Step 3: List their triggers (what makes them buy now)
People do not buy because your business exists. They buy when something happens.
Common triggers:
- a deadline (event coming up, season, move, launch)
- a problem got painful (lost time, lost money, stress)
- a status change (new job, new baby, new business, new responsibility)
- a scare (something broke, got flagged, got threatened)
If you know the trigger, your marketing writes itself.
Step 4: Identify their top 3 objections
This is the “why they hesitate” list.
Usually it is some version of:
- “It’s too expensive.”
- “I’m not sure it will work for me.”
- “I can do it myself.”
- “I don’t trust providers in this industry.”
- “I don’t have time to set this up.”
Write down the top three. Then build your sales process to address them directly.
Step 5: Define “where they already are”
This is distribution. And it matters.
Where do they spend time?
- local Facebook groups
- specific neighborhoods or businesses
- industry associations
- school communities
- gyms, churches, mom groups, Chamber events
- LinkedIn (for certain B2B services)
If you cannot name where they are, you are not ready to launch. You still have research to do.
Weekend Exercise
Take some time to really think through these. Physically write it on paper to get your mind going.

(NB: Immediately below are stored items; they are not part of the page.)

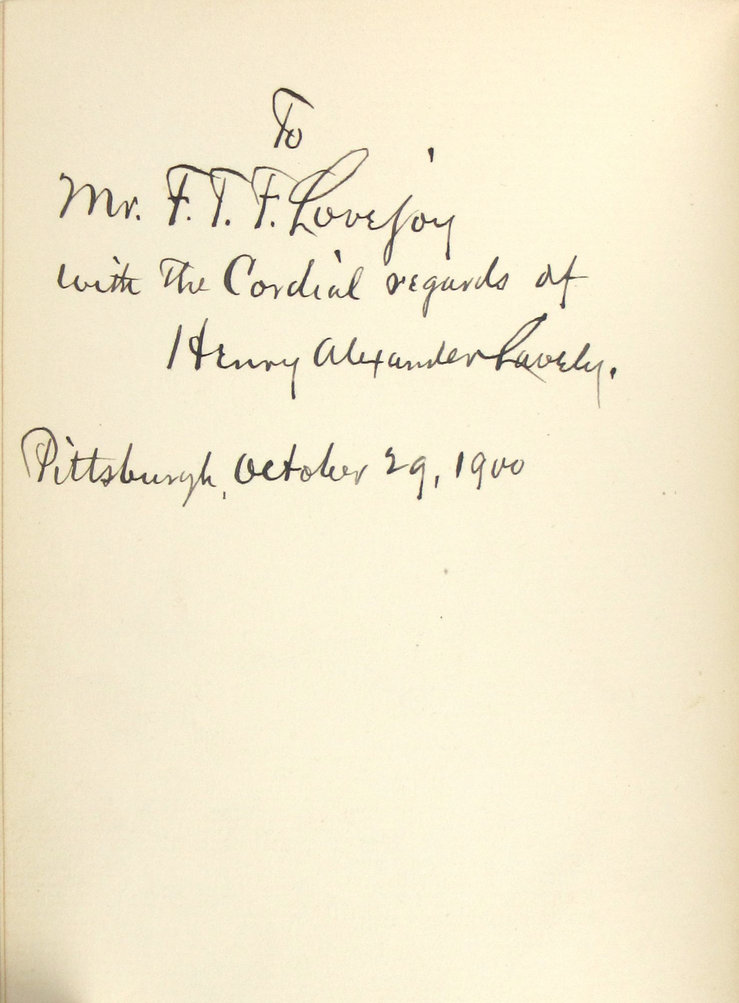 Cambridge: The Riverside Press, 1900. Very Good. Cambridge: The Riverside Press, 1900. Revised Edition. Signed by the author opposite title page with inscription to industrialist F.T.F. Lovejoy with inscription "To Mr. F.T.F. Lovejoy with the cordial regards of Henry Alexander Lavely. Pittsburgh, October 29, 1900."
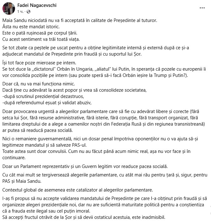 „Maia Sandu niciodată nu va fi acceptată în calitate de Președinte al tuturor. Acesta nu este mandat istoric. Este o pată rușinoasă pe corpul țării. Cu acest sentiment va trăi toată viața.
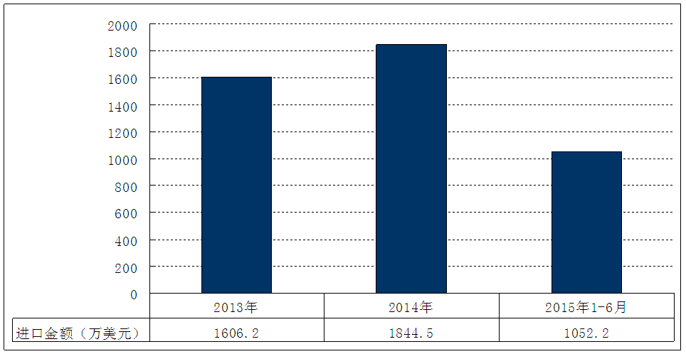 图表 19 2013-2015年6月我国旋耕刀具 行业 进口额 分析
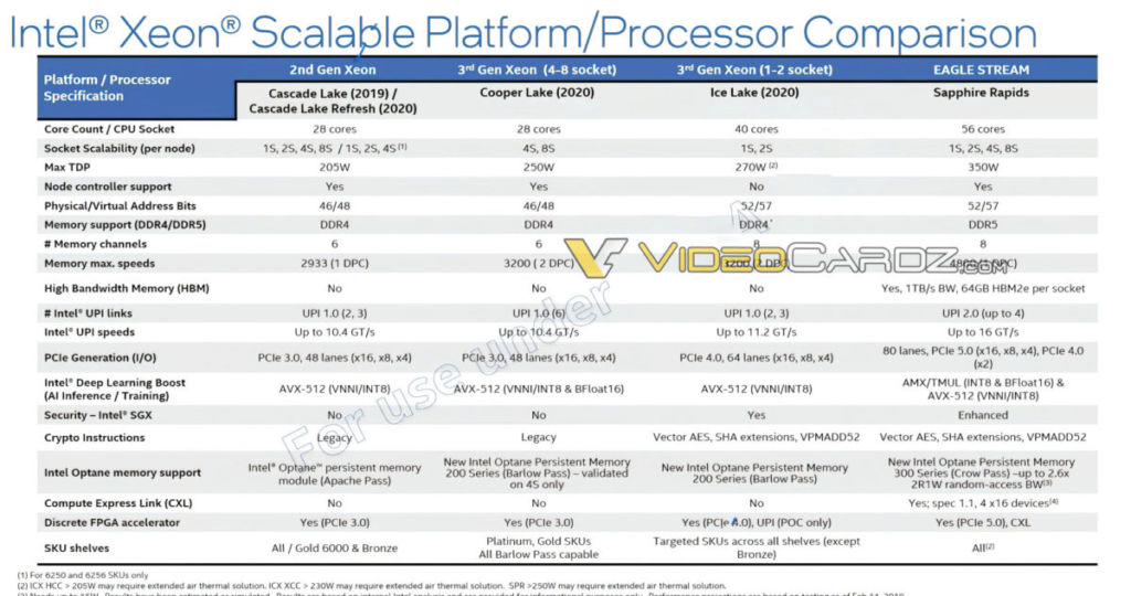 Processorerna kommer bygga på Intel 10 nm Enhanced SuperFIN tillverkningsprocess. Här kommer det röra sig om upp till 56 kärnor per processor och TDP-värden på upp till 350 W. Sapphire Rapids kommer även med möjligheten att användas i upp till åtta socklar samtidigt i ett och samma system. Bilden visar även att processorerna kan få stöd för upp till åtta kanaler DDR5-4800 internminne och 80 PCI Express kanaler.
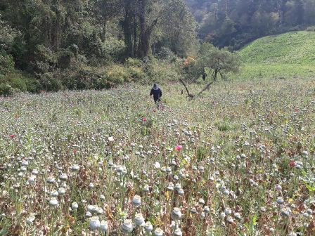 Al detectar el lugar, los efectivos realizaron operativos terrestres, en donde localizaron dos terrenos, uno de ellos con una superficie de 100 mil metros cuadrados, sembrado con plantas de amapola con un peso aproximado de 142 mil 900 kilogramos.
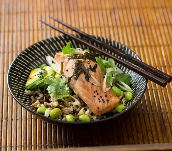פילה סלמון עם שעועית ונבטים בסגנון אסייתי
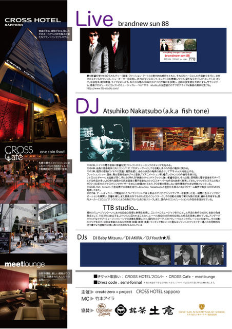 Atsuhiko Nakatsubo a.k.a fish toneとbrandnew sun 88が、クロスホテル札幌で行われるイベントに出演することになりました
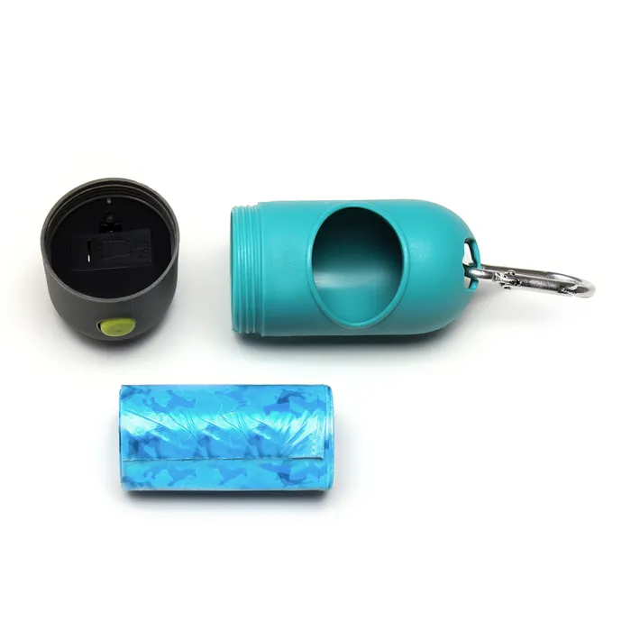Уникальная особенность контейнера — встроенный фонарик, который помогает легко находить пакеты даже в темное время суток. Набор включает 15 прочных пакетов, обеспечивающих гигиеническую уборку за вашим любимцем.
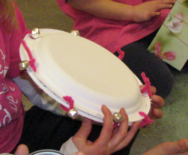 Staple the plates together, bottoms facing outwards. Hole punch around the rims. Attach bells using pipe cleaner or ribbons. Decorate.
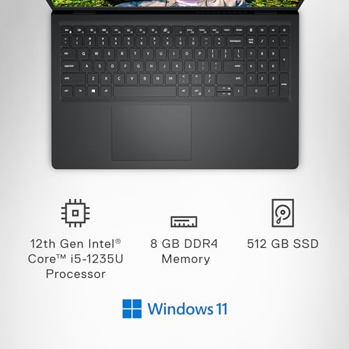 Dell Laptop Inspiron 3520, pantalla FHD de 15.6 pulgadas (1920 x 1080) de 120 Hz, procesador Intel Core i5-1235U, 8 GB de RAM DDR4, SSD de 512 GB, WiFi 5, modo Windows 11 S, negro carbón
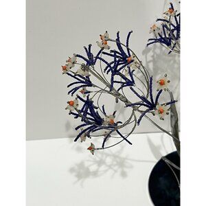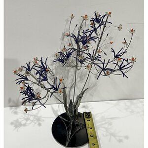 Beautiful handcrafted vintage metal and glass flower sculpture. Features intricate wirework stems with blue and orange beaded glass flowers, mounted on a round stained-glass base.

- Write your one-sentence business description: “I help ___ get ___ without ___.”
- Choose one best-fit customer group you can realistically reach in month 1.
- Answer these five prompts in plain language:
- They buy when ___ happens.
- They are most worried about ___.
- They hesitate because ___.
- They choose a provider based on ___.
- I can reach them by ___.
- Finally, write one marketing message that speaks directly to them:
- “Hey [group], if you are dealing with [trigger/problem], I can help you get [result] without [pain].”
If this feels hard, good. That means you are going deep enough for success.
You are being proactive, which will serve you well in the long run.